Atypical Atrial Flutter Ablation and Follow-Up
In the initial 3 patients, ablation of atypical atrial flutter was performed with radiofrequency (RF) energy (Radionics RFG-3D or Medtronic lesion generators) delivered from an 8-mm-tip electrode of an ablation catheter (EP Technologies or custom Medtronic) to 2 cutaneous patch electrodes. Guiding sheaths (Daig) were used to optimize ablation electrode contact. In the remaining 3 patients, electroanatomic map-guided ablation was performed with the use of a 4-mm electrode-tipped electroanatomic mapping/ablation catheter and 1 cutaneous patch electrode. RF energy was applied during sustained atypical atrial flutter. Energy applications (20 to 40 W, 30 to 60 seconds per application) were performed sequentially to produce a linear lesion. After ablation, burst pacing was performed from ≥2 right atrial sites at a cycle length decreased by 10 ms per burst from 300 ms to 2:1 atrial capture. Successful ablation was defined as termination of atypical atrial flutter during RF energy application and inability to reinduce atrial flutter.
Patients were discharged off antiarrhythmic drugs. Arrhythmia recurrence was excluded through serial examinations and ambulatory ECG monitoring.
Atypical Atrial Flutter Induction, FCL, and Surface ECG
In all 6 patients, sustained atypical atrial flutter could be induced reliably with burst pacing at cycle lengths of 200 to 240 ms from the coronary sinus (CS) os at baseline. In each case, atrial fibrillation was not observed as an intermediate rhythm. Only 1 type of sustained atypical atrial flutter was induced in each patient. In the absence of earlier pace termination, episodes of sustained atypical atrial flutter persisted for >1 hour in each patient. Spontaneous transitions between atypical and typical atrial flutter were observed in 2 patients.
Overall, there was no significant difference in the FCLs of typical and RAFW atypical atrial flutter, although the difference in FCL was >80 ms in 1 patient (the Table⇑). In the 5 patients in whom typical atrial flutter ablation was performed before atypical atrial flutter ablation, TA-ER isthmus ablation did not affect the inducibility or FCL of atypical atrial flutter.
In each patient, a negative F wave in the inferior ECG leads was displayed during atypical atrial flutter (Figure 1A⇓). The negative F-wave morphology was similar to that of counterclockwise typical atrial flutter (Figure 1B⇓). In 2 patients, spontaneous transitions in F-wave polarity between negative and positive in the inferior leads during atypical atrial flutter were observed (see Activation Mapping).

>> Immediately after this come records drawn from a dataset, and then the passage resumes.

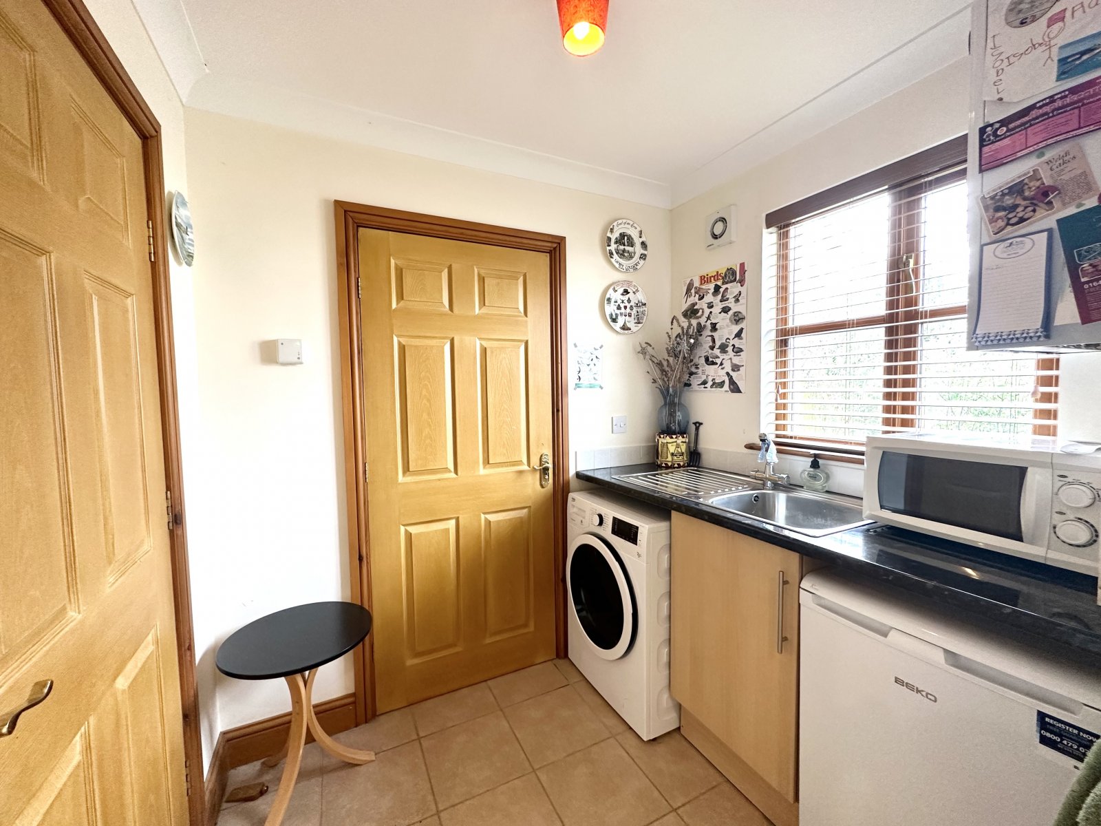 Tiled floor, base unit, sink and drainer, space for white goods, double glazed window to rear.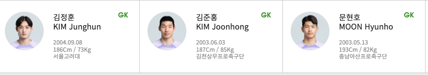 골키퍼는 안정감 있는 선방을 보이는 김준홍 선수가 있습니다.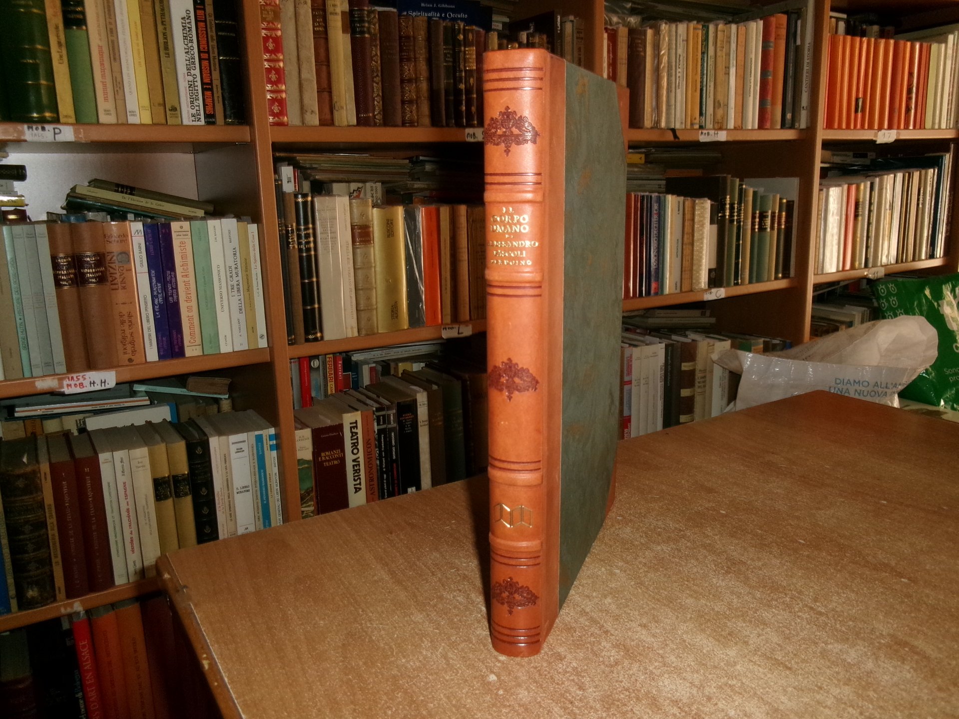 Il corpo umano. Alessandro Pascoli (Perugino) Casa Editrice Mattioli, 1991. In-4°, m-pelle con angoli, dorso a nervi con fregi e titolo in oro. (viii), 217 pp. Copia anastatica: il volume originale, edito in Venezia nel 1774, è conservato presso la Biblioteca Provinciale dei Cappuccini di Parma. Con 20 tavole in b/n f.t. Testo in latino e italiano. Ottimo stato in bella legatura con una dedica nella prima bianca. Testo in latino e italiano. Uff. C - III - 2 -2

Activation and Entrainment Mapping
In all patients, comprehensive analysis of mapping data obtained before TA-ER isthmus ablation suggested macro-reentry confined to the RAFW. Right atrial activation preceded left atrial activation in each patient. Detailed right atrial mapping during atypical atrial flutter identified widely split double potentials in the midlateral RAFW distinct from the crista terminalis (Figure 2⇓). Only discrete potentials were recorded from this same area during normal sinus rhythm. During sinus rhythm, pacing at progressively shorter cycle lengths provoked the development of double potentials recorded from the midlateral RAFW before the induction of atrial flutter. This finding suggested the presence of rate-related conduction delay or block within the RAFW.3 4
Mapping of the inferolateral RAFW identified fractionated electrograms of ≤90 ms duration (representing ≤34% of the respective FCL; Figure 2⇑). Although fractionated electrograms were recorded at several inferior RAFW sites (eg, sites 4, 5, and 8, Figure 3⇓), only fractionated electrograms recorded from sites adjacent to the central line of double potentials (eg, sites 4 and 5, Figure 3⇓) were within the tachycardia circuit (see below).

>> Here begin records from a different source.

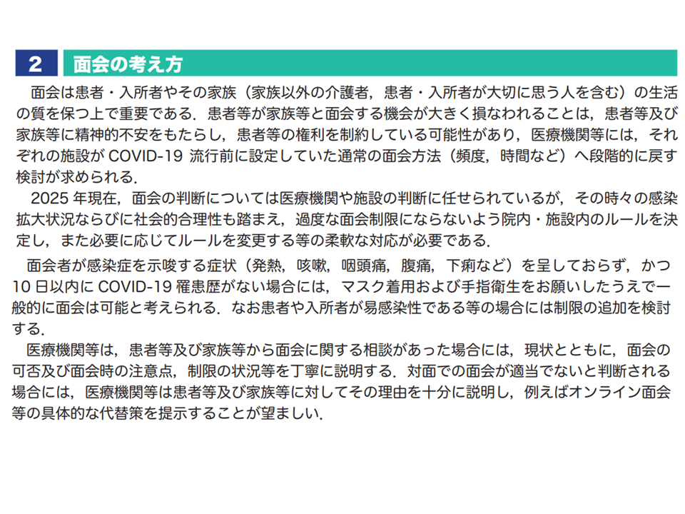 そうした中で今般、日本感染症学会・日本呼吸器学会・日本化学療法学会・日本臨床微生物学会・日本環境感染学会から「5学会による新型コロナウイルス感染症 診療の指針2025」が公表され(2025年10月17日付)、面会の考え方が新たに次のように示されました。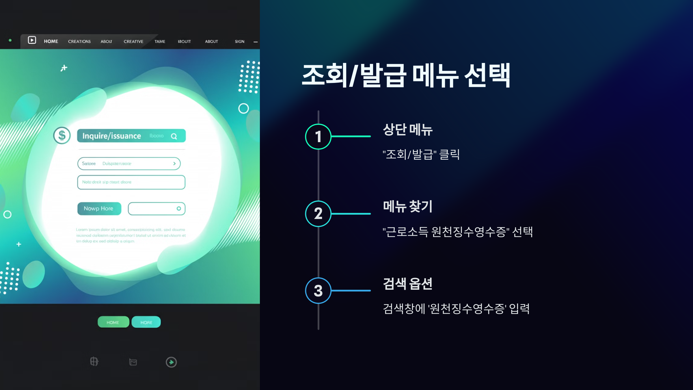 로그인 후 홈 화면에서 상단 메뉴 중 "조회/발급"을 클릭합니다. 여기에서 "근로소득 원천징수영수증"을 찾으시면 됩니다. 메뉴 이름이 조금 길어서 찾기 어렵다면, 화면 상단의 검색창에 '원천징수영수증'을 입력해 쉽게 찾아보세요.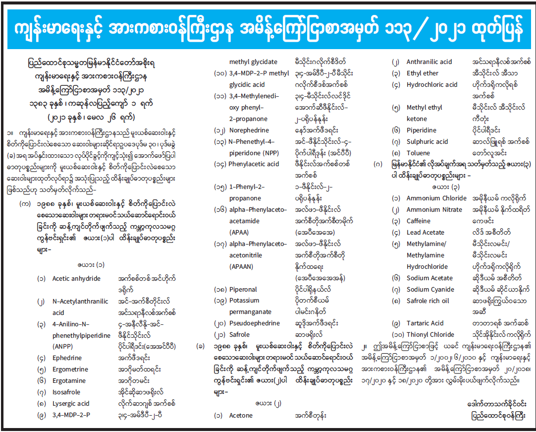 ကျန်းမာရေးနှင့် အားကစားဝန်ကြီးဌာန အမိန့်ကြော်ငြာစာအမှတ် ၁၁၃/၂၀၂၁ ထုတ်ပြန်

Pacing at sites immediately adjacent to the central line of double potentials (sites A through D, Figure 3⇑) resulted in PPI−FCL intervals <30 ms, indicating that these lateral RAFW sites were within the flutter circuit (Figure 4⇓). Pacing from the CS os, mid–TA-ER isthmus, or sites posterior to the crista terminalis (site E, Figure 3⇑) resulted in manifest fusion and PPI−FCL intervals >30 ms.
Detailed mapping of the RAFW suggested clockwise (right lateral view) activation in 3 patients and counterclockwise activation in 3. Because most episodes of atypical atrial flutter were induced with CS os pacing, no correlation between pacing site and direction of activation could be determined. In 2 patients, the interval separating the lateral and medial TA-ER isthmus electrograms during atypical atrial flutter was less than the corresponding interval observed during either counterclockwise or clockwise typical atrial flutter or during inferolateral TA or proximal CS pacing. These findings immediately excluded the presence of typical atrial flutter.1 In 2 patients, activation of the proximal CS and the inferoseptal and superolateral right atrium was nearly simultaneous (Figure 5⇓). This finding also suggested coincident rather than sequential (as with typical atrial flutter) activation of these sites. In 3 patients, brief episodes of spontaneous transient block from the lateral RAFW to the superolateral, inferior anterolateral, and/or inferoseptal right atrium was observed and thus excluded these sites from active participation in the flutter circuit (Figure 5⇓).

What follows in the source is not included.